The Accessible and Accelerated Robotics Lab (A²R Lab)

The A²R Lab at Barnard College, Columbia University, focusses on developing and implementing open-source algorithms for dynamic motion planning and control of robots by exploiting both the mathematical structure of algorithms and the design of computational platforms. As such, our research is at the intersection of Robotics and Computer Architecture, Embedded Systems, Numerical Optimization, and Machine Learning.

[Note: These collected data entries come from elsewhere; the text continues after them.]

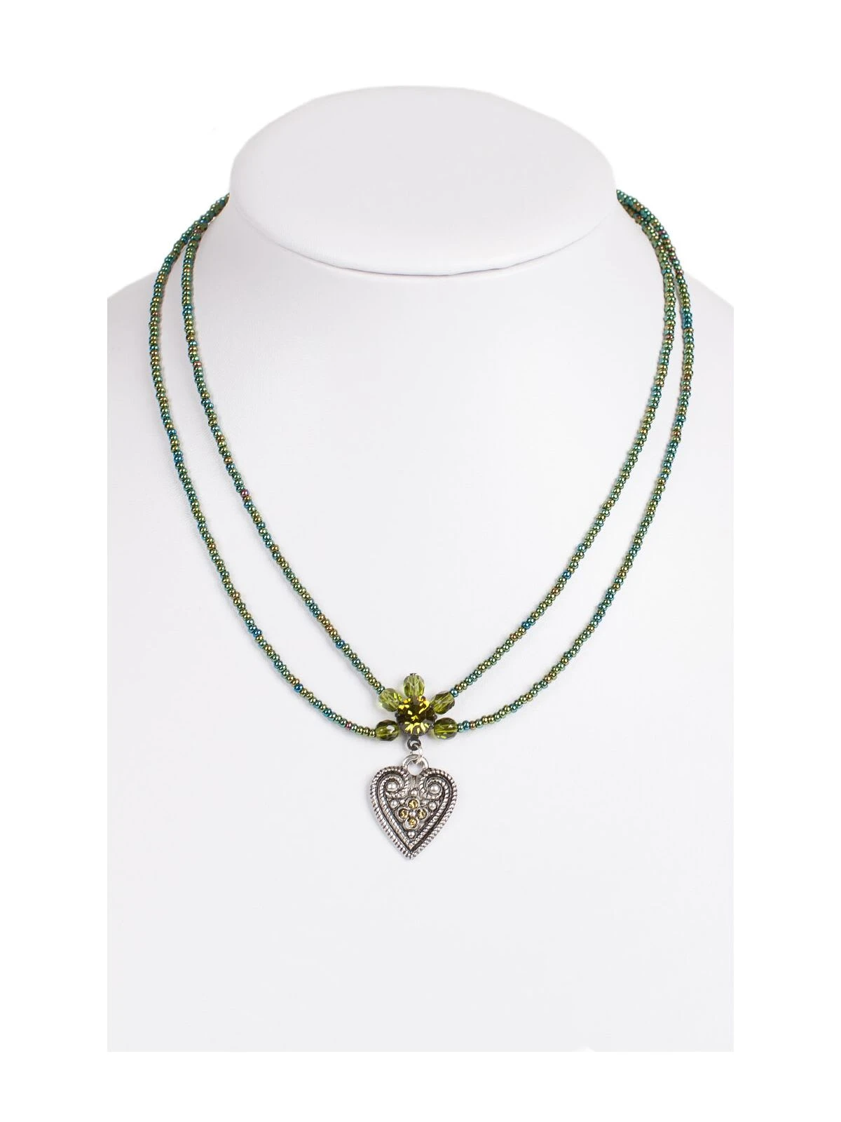 Halskette mit besonderem Reiz. Die Halskette von Schuhmacher besteht aus zwei nebeneinander verlaufenden Perlenreihen, die im Farbton Oliv gehalten sind. Dadurch wirkt die Kette klassisch und stilvoll. Das optische i-Tüpfelchen bildet das in der Mitte angebrachte Herz, das geschwungene Muster und glänzende Steine aufweist. Passend zu den verschiedensten Arten von Outfits.•Trachtenketten •Perlenkette •Schuhmacher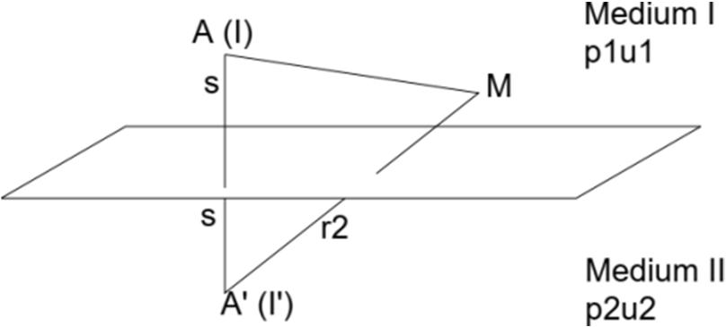 Consider now an optical analogy to the electrical problem described by figure (Fig.3). The source of current at A is replaced with a light source, and the boundary is replaced by a mirror with a reflection coefficient, K, and a transmission coefficient, I K. If the light is viewed from point M1 on the top side of the mirror, the original source is seen with its full intensity, and in addition, an image source is seen reflected from the mirror. This image source appears to be located behind the method at a distance, h, and has intensity I1.
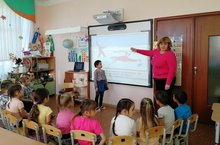 В средней- старшей группе прошло развлечение по ПДД «Компьютерное царство – дорожное государство». К детям на самокате приехала Баба яга, которая никак не хотела выполнять правила дорожного движения, и оказалась в заточении Главного вируса «Компьютерного царства – дорожного государства». Ребята решили помочь Бабе яге. Они отлично справились в вопросами в игре «Правда или нет». Компьютерная мышка загадывала загадки-обманки и в этом задании постарались. Но в Мультяшной стране беда приключилась – на улицах исчезли все дорожные знаки. Дети разделились на три группы, собрали дорожные знаки, рассказали что они обозначают.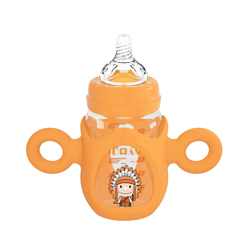 Bending body silica gel with hand bottle wide calibre glass bottle silicone gel jacket anti-fall with handle newborn protective sleeve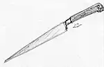 | Bread knife | To cut bread | A serrated blade made of metal, and long enough to slice across a large loaf of bread. Using a sawing motion, instead of pushing force as with most knives, it is possible to slice the loaf without squashing it. | ![]() | |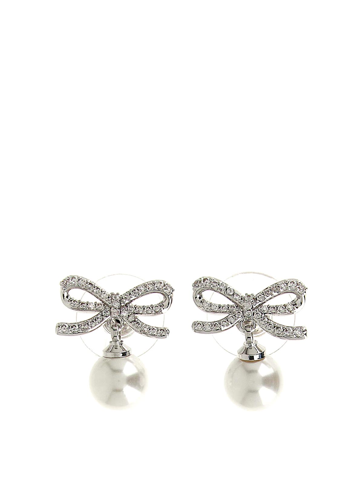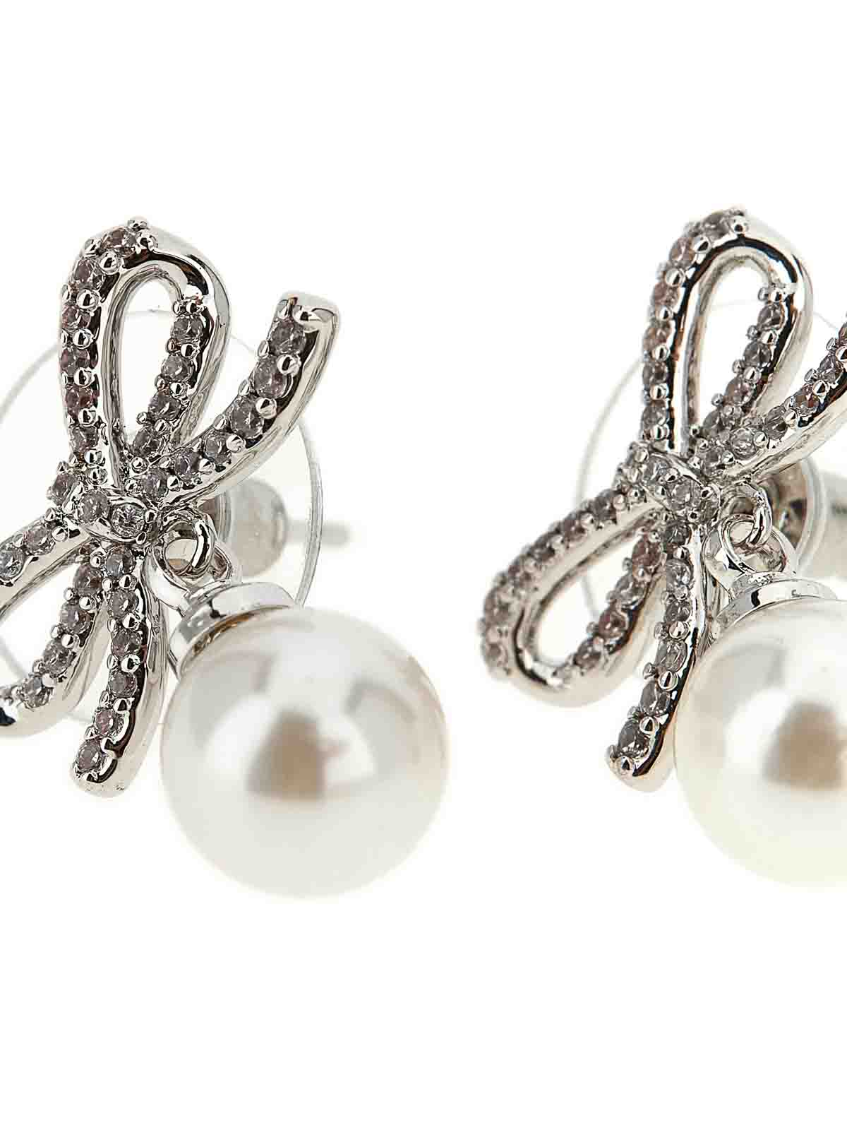 Schleifenperlenohrringe aus Metall und Kristallen, bogenförmiges Modell mit Perlenanhänger, Knopfverschluss. Artikel kann nicht zurückgegeben werden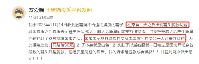 消费者反映收到New Balance鞋子后,仅穿着一天即出现鞋头脱胶问题。商家虽承诺鞋类质保90天,但在看到消费者提供的脱胶照片后,却以鞋面脏污为由判定为异常穿着,拒绝履行退换货义务,仅提出赔偿30元。消费者认为白色鞋体脏污与脱胶质量问题无关,现商家拒绝按质保售后。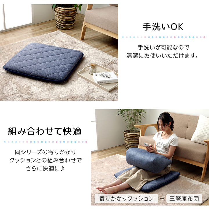 クッション 座布団 冷感 ひんやり ペット あぐら 三層 キルティング 洗える 約65×65cm(代引不可)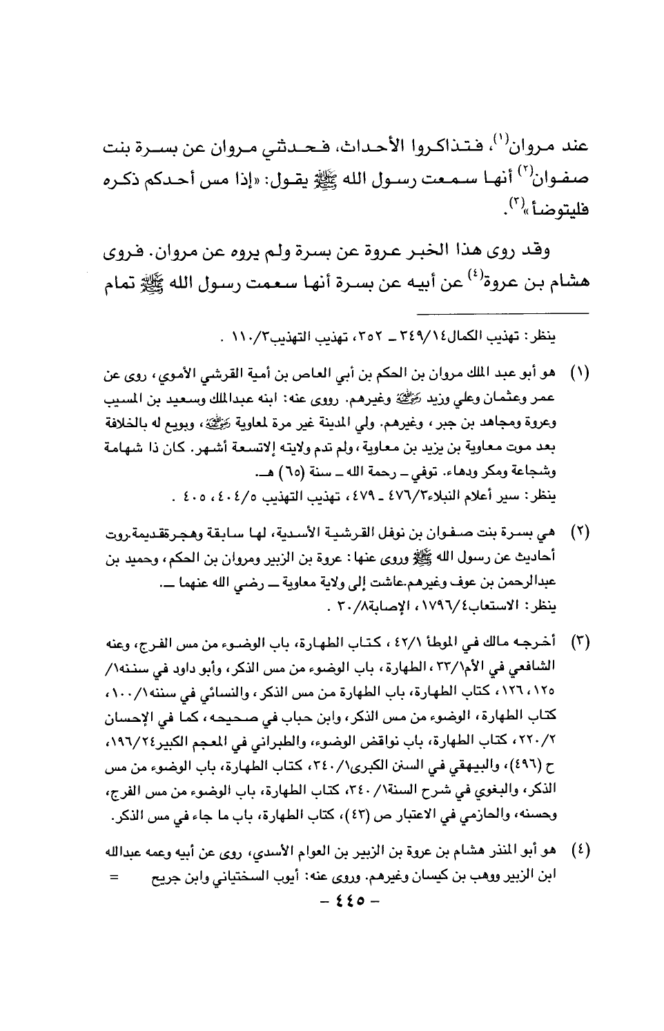 وقد روى هاذ الخبر عروة عن بسرة ولم يروه عن مروان، فروى هشام بن عروة عن أبيه عن بسرة أنها سمعت رسول الله صَلَّى اللَّهُ عَلَيْهِ وَسَلَّمَ تمام

We also want to improve the accessibility of STEM education. We therefore undertake research to understand and improve diversity, equity, inclusion, and belonging in STEM education globally and explore ways to design new interdisciplinary, project-based, open-access courses that lower the barrier to entry of cutting edge topics like robotics and embedded machine learning.

Featured Publications

GRiD: GPU-Accelerated Rigid Body Dynamics with Analytical Gradients

We introduce and release GRiD, an open-source, GPU-accelerated library for computing rigid body dynamics with analytical gradients. GRiD was designed to accelerate nonlinear trajectory optimization through optimized code generation, GRiD provides as much as a 7.2x speedup over a state-of-the-art, multi-threaded CPU implementation and maintains as much as a 2.5x speedup when accounting for I/O overhead.
Brian Plancher , Sabrina M. Neuman , Radhika Ghosal , Scott Kuindersma , Vijay Janapa Reddi
PDF Code Video Benchmark Experiments

Robomorphic Computing: A Design Methodology for Domain-Specific Accelerators Parameterized by Robot Morphology

We introduce robomorphic computing; a methodology to transform robot morphology into a customized hardware accelerator morphology. In this work, we (i) present this design methodology; (ii) use the methodology to generate a parameterized accelerator design for the gradient of rigid body dynamics; (iii) evaluate FPGA and synthesized ASIC implementations; and (iv) describe how the design can be automatically customized for other robot models. Our FPGA accelerator achieves speedups of 8x and 86x over CPU and GPU latency, and maintains an overall speedup of 1.9x to 2.9x deployed in an end-to-end coprocessor system. ASIC synthesis indicates an additional factor of 7.2x.
Sabrina M. Neuman , Brian Plancher , Thomas Bourgeat , Thierry Tambe , Srini Devadas , Vijay Janapa Reddi
PDF Slides Video DOI Extended Abstract

Accelerating Robot Dynamics Gradients on a CPU, GPU, and FPGA

In this paper, we detail the designs of three faster than state-of-the-art implementations of the gradient of rigid body dynamics on a CPU, GPU, and FPGA. Our optimized FPGA and GPU implementations provide as much as a 3.0x end-to-end speedup over our optimized CPU implementation by refactoring the algorithm to exploit its computational features, e.g., parallelism at different granularities.
Brian Plancher , Sabrina M. Neuman , Thomas Bourgeat , Scott Kuindersma , Srini Devadas , Vijay Janapa Reddi
PDF Code Slides Video DOI

Realtime Model Predictive Control using Parallel DDP on a GPU

In this extended abstract we extend our previous work by using our Parallel DDP implementation for MPC on a physical Kuka arm. We demonstrated the feasibility of this approach in the presence of model discrepancies and communication delays between the robot and GPU and found that higher control rates generally lead to better tracking performance across a range of parallelization options.
Brian Plancher , Scott Kuindersma
PDF Code Poster Video

Featured Courses

COMS-3997-F22: Introduction to Robotics Engineering from Bits to Electrons

Robots are cyber-physical systems – leveraging computational intelligence to sense and interact with the real world. As such, robotics is a very diverse, cross-disciplinary field. This introductory course exposes learners to the vast opportunities and challenges posed by the interdisciplinary nature of robotics. While grounded and focused in computation this course also explores hands-on electromechanical and ethical topics that are an integral part of a real-world robotic system. Topics will include: a survey of the algorithmic robotics pipeline (perception, mapping, localization, planning, control, and learning), an introduction to cyber-physical system design, and responsible AI. The course will culminate in a team-based final project.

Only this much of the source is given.